I have just bought a second hand Delta 40-540 scroll saw. The saw works well just the air blower does not work, but that is not a problem. The owner had made a change to the bottom blade release, adding a nut and bolt to clamp the blade in place. This does away with the need for the special tool used to tighten the bottom blade clamp. This method works well but the problem I have is that I find it difficult to stop the blade from popping out when I cut. I have spent a lot of time on this but it will normaly take 4-5 attempts to get the blade holding tight enough so not to come out and buckle the blade in use. The top clamp has not been altered so this means that it is usualy the bottom that comes adrift, ...... very anoying

Can anyone suggest anything to help me with this.



Dermot.


----------



## scroller frank (4 Jun 2011)

Hi Dermot, 
You asked for sugestions , !!!!!!! ok , why not use the allenkey and "spike " tool ???
as it holds everything in line whilst the bolt is tightened , 
if the original has been replaced with a nut and bolt , does it have a self locking nut ? as it mabe vibrating loose , i would also sugest that the whole thing is twisting while your trying to tighten it up , as i think you will have to use two spanners ??????

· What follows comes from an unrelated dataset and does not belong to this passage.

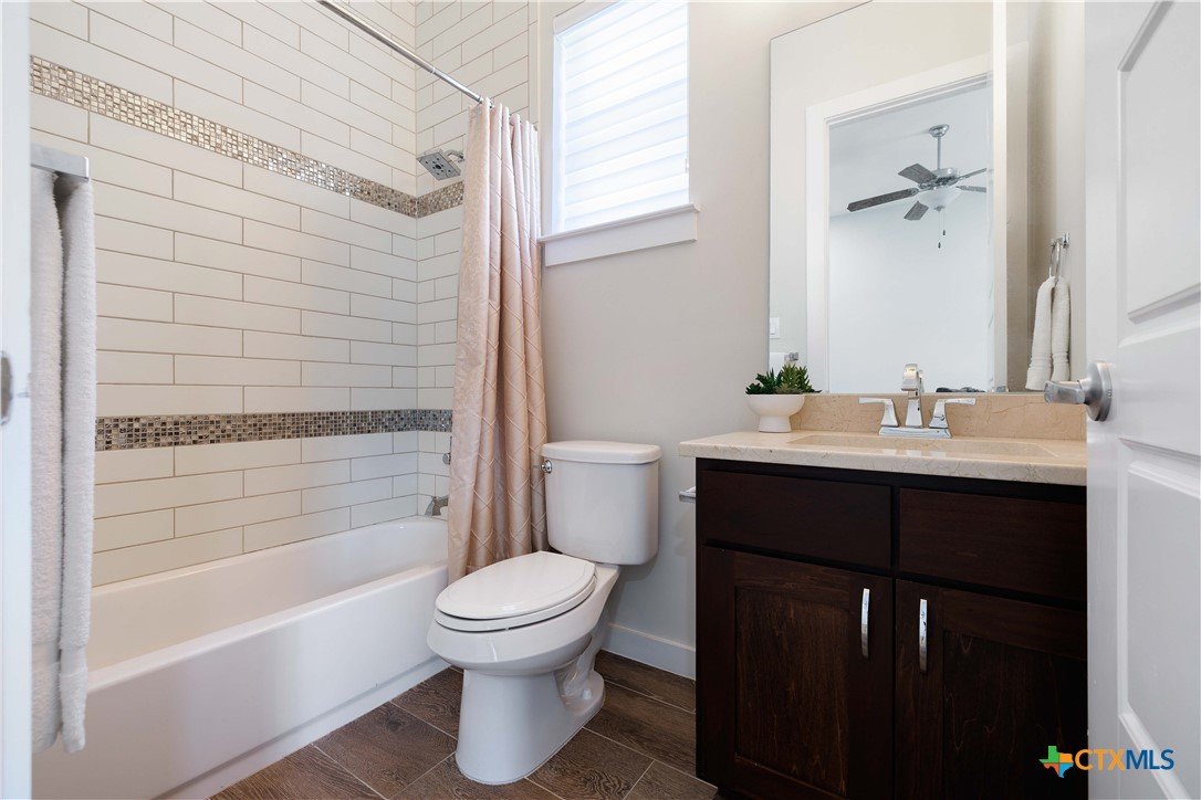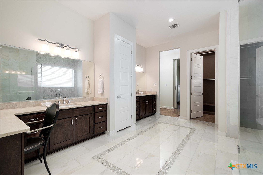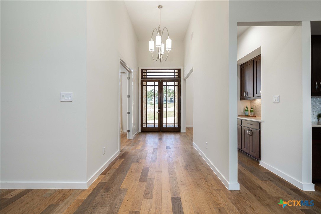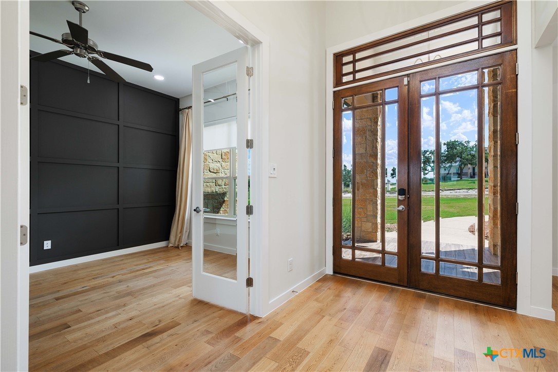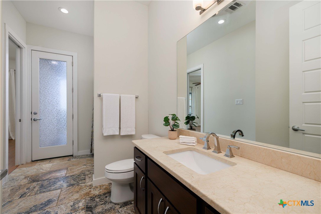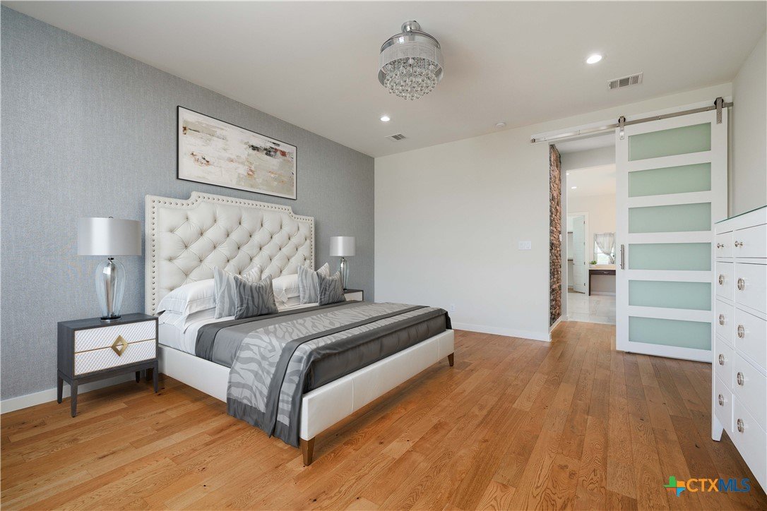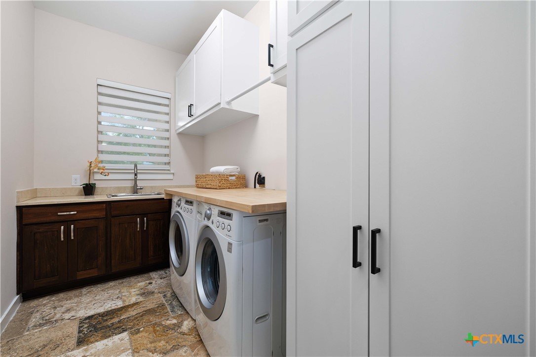Discover unparalleled luxury in the exclusive Ramble Ridge community on 1.3 acres. This exquisite 4-bedroom, 4-bathroom home epitomizes sophistication, offering a meticulously designed layout perfect for modern living. The gourmet kitchen features an island with granite countertops, double ovens, a butler's pantry, a walk-in pantry, and Bosch stainless steel appliances. Adjacent is a charming breakfast nook, ideal for casual dining, and a formal dining room for more elaborate gatherings. The open-concept living areas boast high ceilings and a seamless flow; the living room, complete with built-in shelves and a floor-to-ceiling brick fireplace, overlooks the backyard oasis. The master bedroom features expansive windows with breathtaking Hill Country views, and the en-suite bath boasts his and hers closets, double vanities, a garden tub, and a double-headed walk-in shower. Each additional bedroom offers ultimate privacy and comfort, with its own en-suite bath. Outside, enjoy a private paradise with a stunning Keith Zars pool, an expansive deck, and a covered pergola. A screened-in patio allows year-round enjoyment of the outdoors. The home also features a dedicated media room, a well-appointed office, a large laundry room, and a mud area. With garages accommodating up to 5 vehicles, this property is designed for convenience and relaxation. Ideally situated between San Antonio and New Braunfels, with Austin just an hour away, this location offers a serene retreat with city access. Embrace luxurious living in this stunning residence!

You could try making a new piece for the bottom clamp,but drilling and tapping the hole so that you only need one spanner , and then use the other hand to hold it all in line while you tighten it , 
just a few thoughts----------------------Frank---------------

PS hope the ball idear worked , and that the poor old dog hasn't been upset too much :lol: !!!!!!!!!!!!!!!!!


----------



## shedhead (4 Jun 2011)

Thanks Frank for your help again. The saw did not come with the special tool and no there is only 1 nut. You might be right about it shaking loose. Is there any quick blade release kit that will fit the Delta 40-540 that has a top & bottom release? Should the blade get clamped at the front, middle or back of the clamp. Sorry for asking you all these silly questions. And yes the dog ball has worked. I am looking for a square ball if that makes sence, it will fit better.

Dermot.


----------



## scroller frank (4 Jun 2011)

Morning dermot,
Silly questions ?? there are no silly questions , sometimes there are silly answers :lol: 
Ah! no special tool a  it makes life a lot easier !!!!!!!!!!!
O well, you could try a spring or better still a shakeproof washer if it hasn't got one 
already , 
The later Delta's , like Steves has the same "quickset" fitting top and bottom ,
thats the answer , although were you might get one from i don't know . the last time i got spares they came from Tool Station , was a while ago though .
As for the blade position , it needs to be at the front, ie. nearest to you as you are sat at the saw ,
ok on the square ball , been looking for one myself !
all the best,---------Frank-------------


----------